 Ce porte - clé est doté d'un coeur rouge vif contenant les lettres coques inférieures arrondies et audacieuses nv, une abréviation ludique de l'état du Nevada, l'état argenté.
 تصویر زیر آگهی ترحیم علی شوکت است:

---

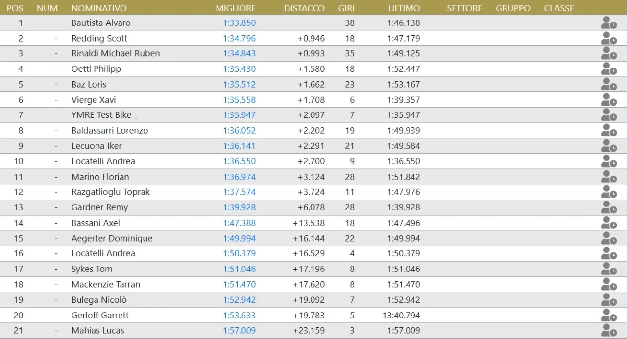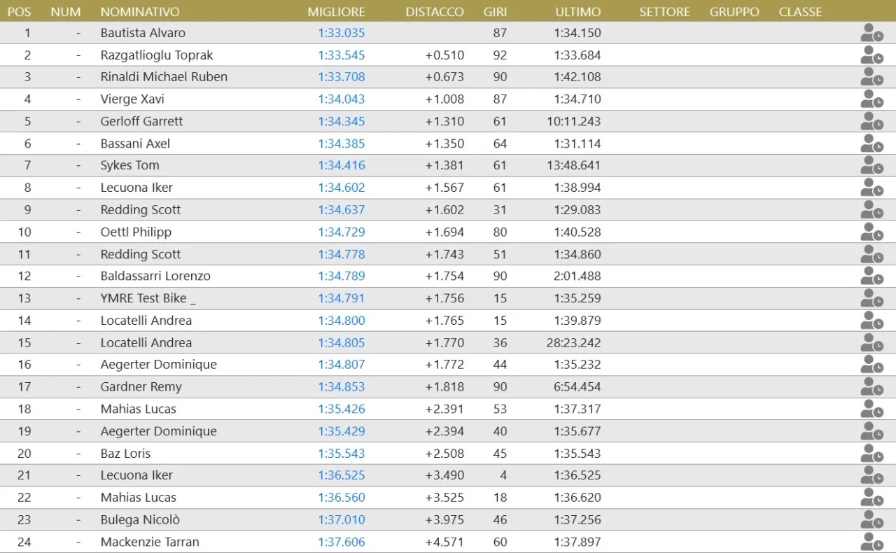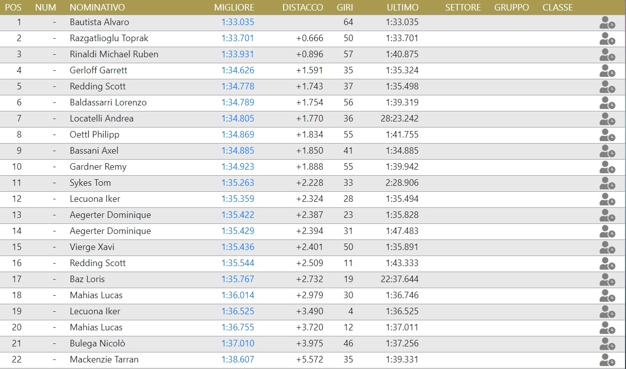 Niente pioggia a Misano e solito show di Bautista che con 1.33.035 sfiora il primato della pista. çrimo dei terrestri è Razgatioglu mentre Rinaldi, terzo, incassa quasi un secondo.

## Assigned task
Please reproduce the lines from the line with "Ce porte - clé" to the line with "تصویر زیر آگهی", both ends included, exactly as they appear above.

## Answer to this exercise
 Ce porte - clé est doté d'un coeur rouge vif contenant les lettres coques inférieures arrondies et audacieuses nv, une abréviation ludique de l'état du Nevada, l'état argenté.
 تصویر زیر آگهی ترحیم علی شوکت است:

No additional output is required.